Possible to buy freedom from taxation?

For the right price, you can buy anything. If this is true, how much would it cost to buy the privilege that Bruce Willis requested in the movie Armageddon? No taxes… ever.

Well, it’s apparently not all that expensive, by rich-n-powerful-people standards at least, to buy enough influence with legislators to wangle a serious reduction in your tax burden. I recall that during the 2000 elections, the “Billionaires for Bush or Gore” protest group put together some data showing what a great ROI serious campaign contributing could bring in terms of favorable legislation.

Less anecdotally, last year the Christian Science Monitor did an article on a Government Accounting Office study finding that

Now, I don’t know how much it actually cost corporate interests to get the loopholes and other changes that produced these results, but I’d guess somewhere in the millions.

Moreover, what you seem to be asking about is a formal and explicit agreement with the government that you personally never have to pay any taxes as long as you live. I’m not sure that such a formal agreement is even constitutionally feasible; it sounds more like the classic fairy-tale “the king grants you this boon as a reward for your loyal service” kind of shtick than any real-life tax status agreement that you could negotiate in a modern democracy.

However, if you’re willing to settle for a more informal shady-influence-peddling type of deal, and willing to jump through the necessary tax-evasion hoops like setting up dummy companies and sheltering funds offshore and so on, I’d bet that a few million in the right pockets would buy you a sufficiently favorable legislative environment to shrink your current tax burden down to nil.

Of course, it’s not always shady deals.

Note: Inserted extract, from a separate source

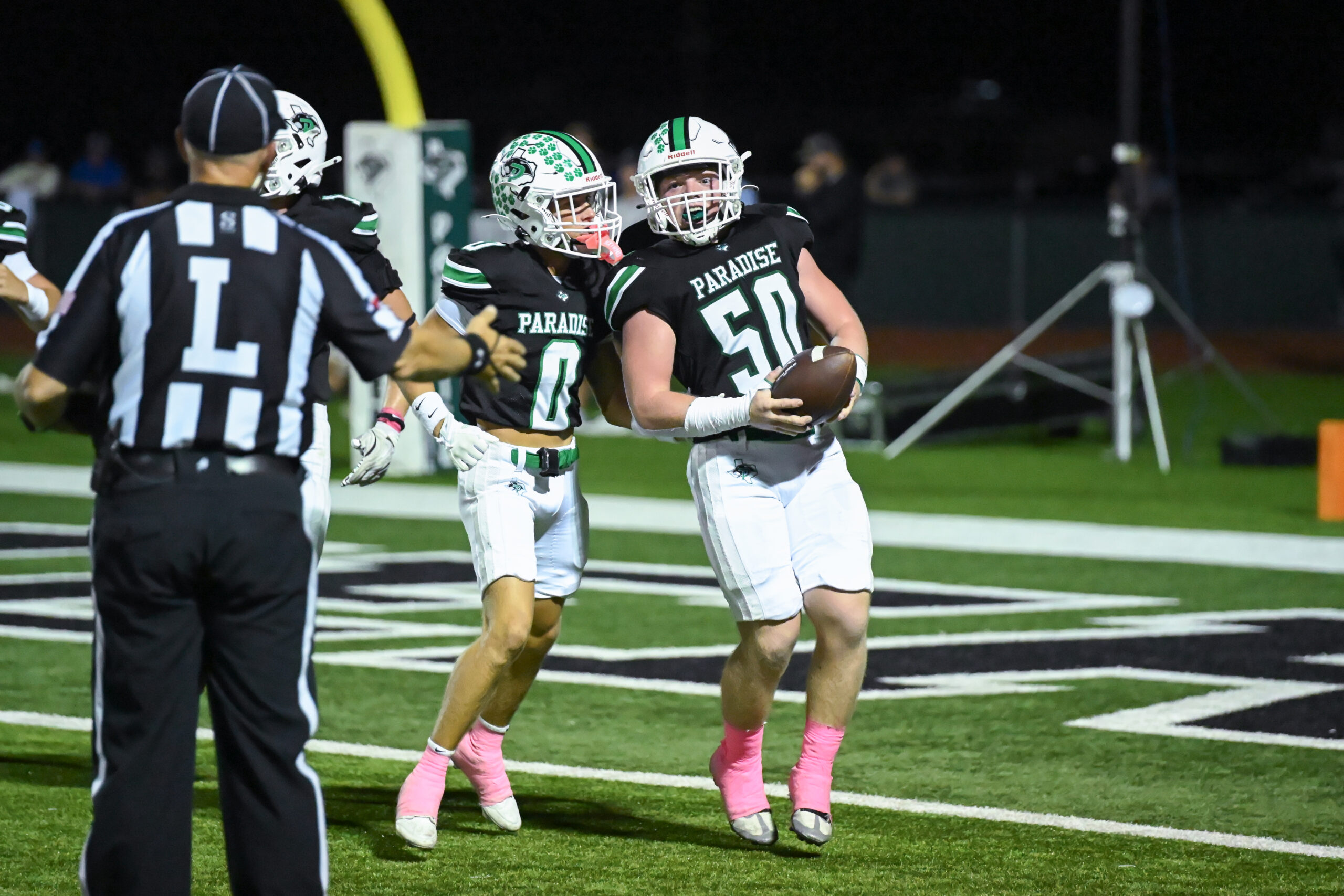 The Paradise defense forced four Greyhound turnovers via interceptions by Wyatt Sanders, Cash Watson and Camden Walker, and Beau Chenevert’s game-changing fumble-six to lift Paradise to the win.

Basically, paying for enough accountants and lawyers buys you tax freedom. There’s always some obscure loopholes or weird foregn-bank involved transactions that are technically legal and wholly improper.

It is nonsense that “enough money” can buy anything. Do you really think that anyone would be allowed to purchase the White House or the US Capitol from the United States Government?

Similarly, using money to influence laws in the way proposed by the OP is most certainly illegal. I would propose that you could avoid all taxes by trying to bribe a congressman with a trivial amount, possibly leading to a conviction on the charge of bribery. So long as you avoid doing prison labor, I’d imagine that you would have no income while in prison, thereby avoiding taxes entirely.

OTOH, it would be perfetly legal to buy “taxation insurance” by which you pay a insurance company a lump sum and they pay your taxes for you for the rest of your life. I don’t really see much of a demand for such a product though.

It is perfectly possible to arrange your affairs to avoid most, if not all taxation. IIRC Sri Lanka offered some sort of deal along those lines to geniuses they invite with the idea of putting the place on the map.

Of course, doing such a thing would cost a lot. You would have to get rid of all your US (European, whatever) income and move it elsewhere. That would almost certainly involve more risk and less return.

Why not just take all the money, put it into cash, real bank notes, and put it under your mattress? No income, no income tax. Of course you would be forgoing the interest on your posterpedic.

Yes, I think someone could purchase both the White House and the US Capitol… it’s just that nobody has offered enough. If someone offered $7 trillion, I think you’d see the US govt taking the bid and moving to a new building post-haste.

Perhaps not ‘purchase’, but doesn’t all those millions in political donations at least let you ‘rent’ the White House? :rolleyes:

Wouldn’t you be spending the same amount of money to buy your way out of taxation that you would just paying your taxes the normal way?

So what would the point be?

Suppose it cost a million bucks to do this. For you or I, this might not be worthwhile, but for Bill Gates or Michael Dell, it would be.

But the real reason this question popped into my head was because I was wondering if it were feasible to opt-out of the US tax burden and the national debt. Nobody likes to pay taxes. Nobody likes to hear that their share of the debt is $26 thousand and change.

But supposing every citizen paid their share of the debt and paid into a national endowment. They could collectively say, ok… here’s the money for the present and all future government services. Better use it wisely, because we’re not paying another cent.

Putting aside the potential for fraud, corruption and massive fiscal mismanagement, I think if you waved $N trillion under the nose of the US govt, they might actually let you do it.

Actually, most of the point of “donations” isn’t to avoid taxes; it’s to get a minor regulation boost or legal loophole somewhere or get a little federal dough pushed your way.